調査費用や人件費がかさむ分、信託報酬(手数料)が高くなります。運用成績が良くても、この「コストの差」で負けてしまうのです。

2. 市場の効率性:

現代では情報は瞬時に行き渡ります。「割安な株」を見つけた瞬間にプロが買い占めるため、一瞬で適正価格に戻ってしまいます。

3. 平均への回帰:

「今年1位のファンド」が来年も1位である確率は極めて低いです。長期的には、結局は市場平均(インデックス)に収束してしまいます。

弟が知らなかった**「稲妻が輝く瞬間」**という言葉も、この文脈の中にあります。

「稲妻が輝く瞬間」を逃さないという合理性

株式市場のリターンは、長い運用期間の中の**「ほんの数日」**に集中していることが分かっています。
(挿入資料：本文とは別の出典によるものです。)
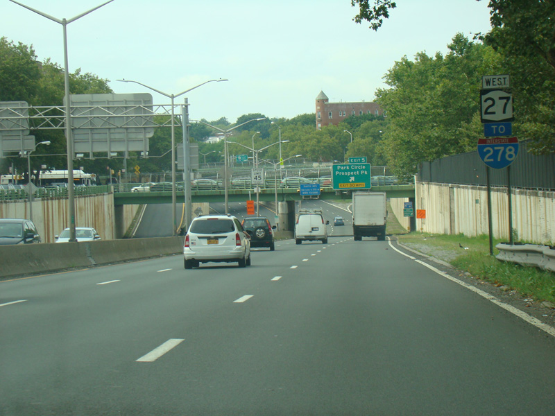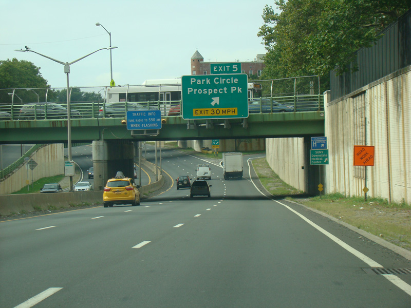 Skipping west to Brooklyn, the Prospect Expressway begins at Church Avenue and Ocean Parkway. Exit 5 is for Park Circle and Prospect Park.
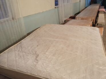 Ortopedik deyil iki nəfərlik döşək - Ölçü: təxmini 180x200 sm (queen/iki nəfərlik). - Rəng: açıq krem parça, romb naxışlı kapitone üst qat. - Kənarlar: möhkəmləndirilmiş bordür və perimetrlə tutac...
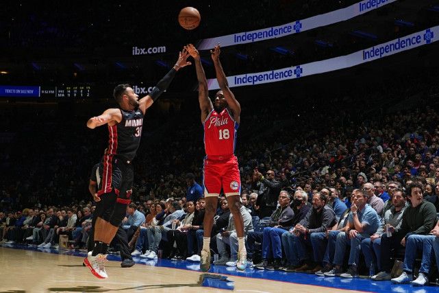 两队在第三节始终紧咬着比分,尤其是费城这边,并没有因为手感下降而被热火拉开比分,反而利用转换进攻继续对热火制造着威胁。阿德巴约的篮下强攻得手,帮助热火领先费城1分。巴特勒快攻拿下2分,科尔克马兹三分命中扳平比分。随着米尔顿的中投命中,费城在第三节结束时领先热火4分。
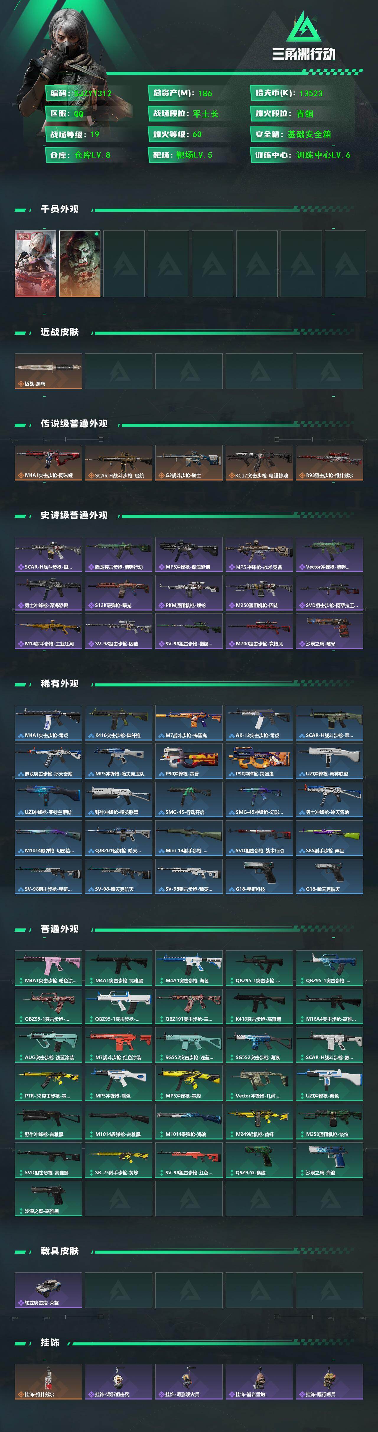 总资产(M):186M/哈夫币(K):13523K/传说枪皮数:5/全面战场等级:19_段位:军士长/烽火地带等级:60_段位:青铜
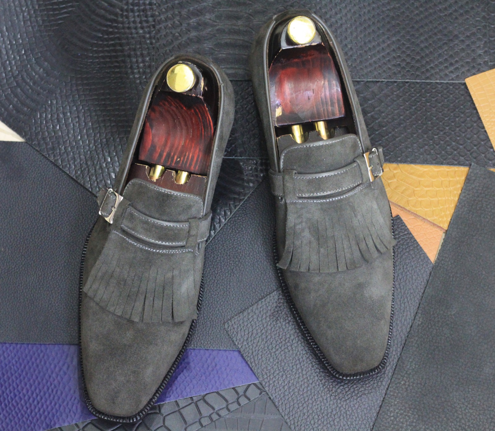 Handmade Gray Colour Fringe Buckle Shoes, Men's Classic Suede Shoes
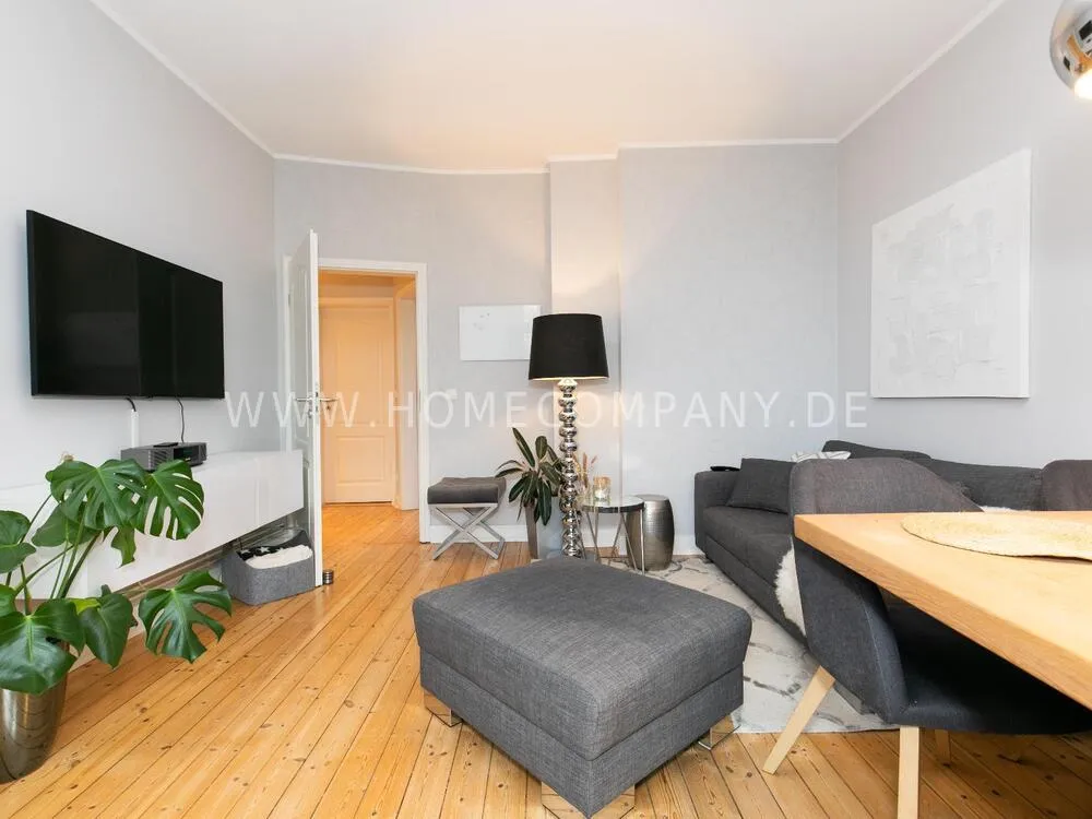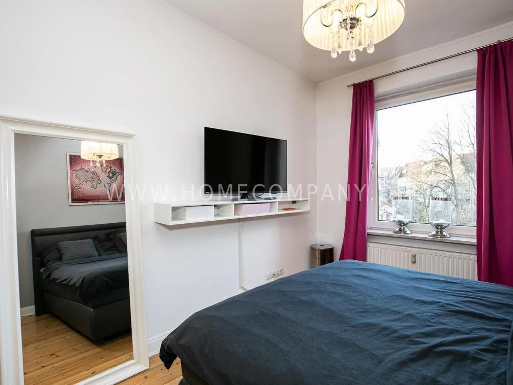 Perfectly equipped flat in a very good residential area in Winterhude. The flat is modernly furnished in subtle colors and tastefully and beautifully decorated. In the living room there is a dining table with a 4 cm thick oak top for up to 4 people. From the sofa you can look at the XXL TV ((diagonal 1.67 m, width = 1.45 m, height = 0.83 m, smart TV capable). There is also an inviting balcony with 2 small lounge chairs and a side table. The bedroom is equipped with a 1,60m wide double bed and plenty of closet space as well as a TV.

もし、その「稲妻が輝く数日間」に市場に居合わせることができなければ、長期的な運用リターンは驚くほど悲惨なものになります。

• タイミングを測って売買しようとすると、その最高の瞬間を逃すリスクがある。

• だからこそ、暴落時も高騰時も、常に「市場に居続ける」ことが正解になる。

これは「楽をしたいから」ではなく、「人間は市場を予測できない」という前提に立った合理的な判断なのです。

それでも「考える余地」は残っている

ここまで読むと、「やはりインデックス投資一択ではないか」と思われるかもしれません。
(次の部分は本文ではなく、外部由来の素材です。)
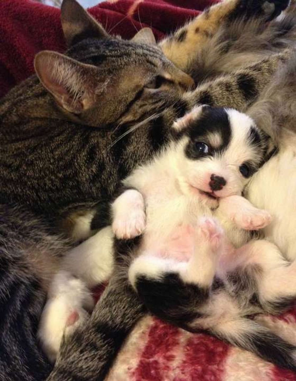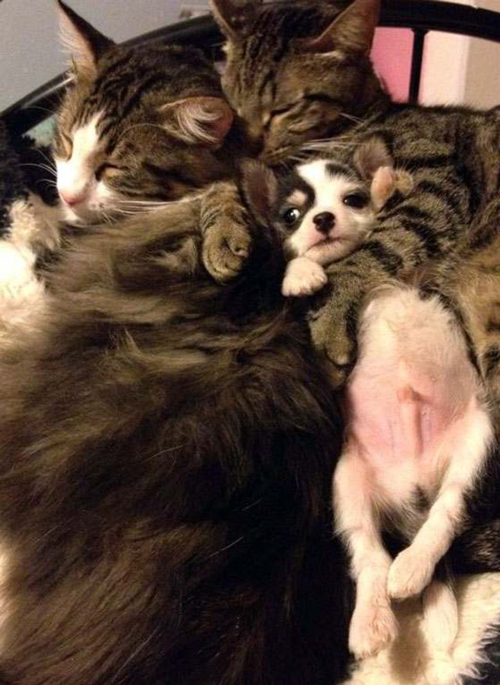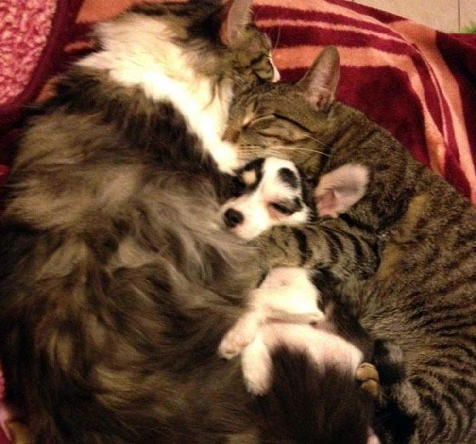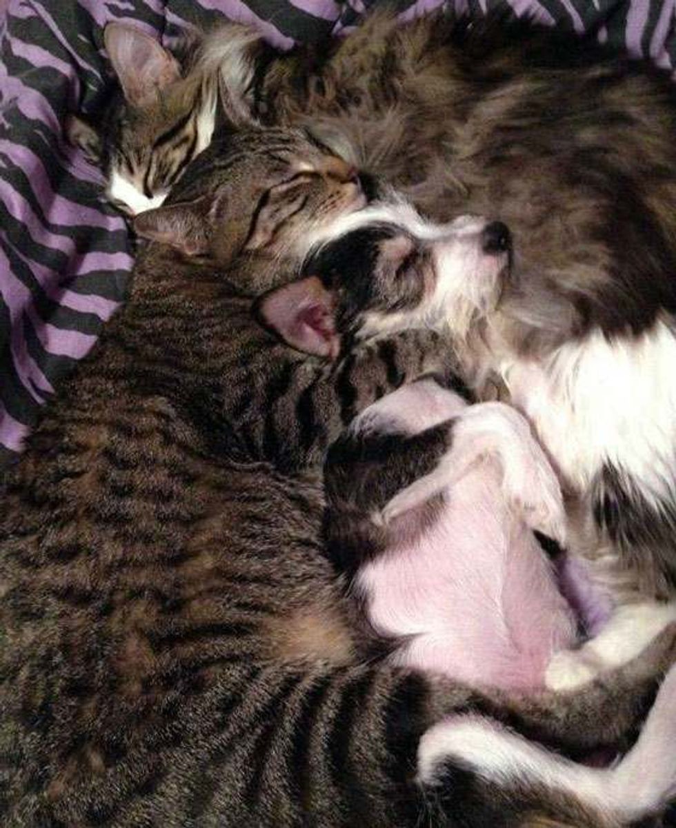 "...6 months in but it's like the first day all over again.... The dog is now almost the same size as the cats but he still likes to snuggle with them whenever he gets a chance and Whiskey (the furry cat) is in a good mood.... He's been with the cats since he was 4 weeks old," said Mimi via reddit.

私自身も、家族のお金を預かって運用するなら、インデックス投資でほったらかすのが最適解だと思っています。

ただし、自分自身の資産については、「リスクをどう捉え、どう分散するか」を考える余地は残っています。その一環として、私は「米国債」という選択肢にも触れました(詳細は別記事にて)。
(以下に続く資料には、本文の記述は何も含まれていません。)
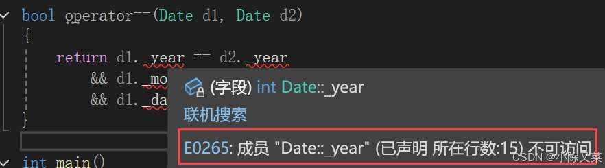 这是因为Date类中的成员变量都是private私有的,不能被类外访问,当然这个问题很好解决,我们甚至有很多解决方法:
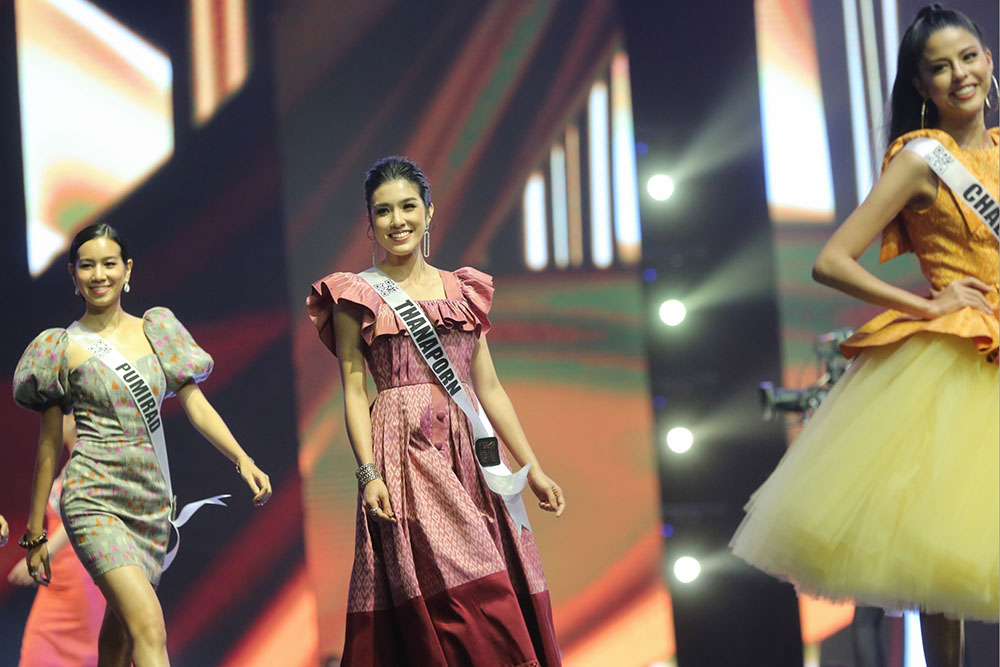 เวที Miss Universe Thailand 2019 ค่ำคืนนี้ เริ่มต้นเปิดตัวผู้เข้าประกวดอย่างสง่างามและอ่อนหวาน ในชุดผ้าไทยประยุกต์ ที่ดีไซน์และออกแบบอย่างมีเอกลักษณ์ ซึ่งแต่ละชุดนั้นผู้ออกแบบได้เลือกสรรผ้าไทยมาจากหลากหลายภูมิภาค โดยมีจุดประสงค์เพื่อช่วยเผยแพร่วัฒนธรรมและส่งเสริมฝีมือของคนไทย

重要なのは、誰かの正解をなぞることではなく、「なぜそれを選んでいるのか」を自分の言葉で説明できることだと思っています。

思想が強くなると、投資は苦しくなる

インデックス投資が「思想」や「主義」になってしまうと、少し危うさを感じます。

• 自分と違う考え(アクティブ投資など)を否定し始める

• 自分で考えることを止めてしまう

• 暴落時に、理論的な納得感ではなく「我慢」だけで耐えようとする

投資は、他人を論破するための武器ではありません。

**自分と家族の人生を守り、豊かにするための「道具」**に過ぎないはずです。

あとがき|自ら選び、納得することの価値

「インデックス投資一本」という道は、現代における一つの完成された正解です。私自身、その合理性を深く信頼しています。

しかし、特定の理論を鵜呑みにするのではなく、自分の頭で考え、リスクと向き合い、納得して一歩を踏み出す。その**「納得までのプロセス」**にこそ、投資の本当の価値があると感じています。

それは、自分と家族の人生を、自らの手でハンドリングしていく感覚に近いのかもしれません。

たとえ教科書通りの最短距離ではなくても、自分で納得して選んだ道であれば、相場の嵐も静かに耐えられます。これからもフェアな視点を忘れず、等身大の投資を続けていきたいと思っています。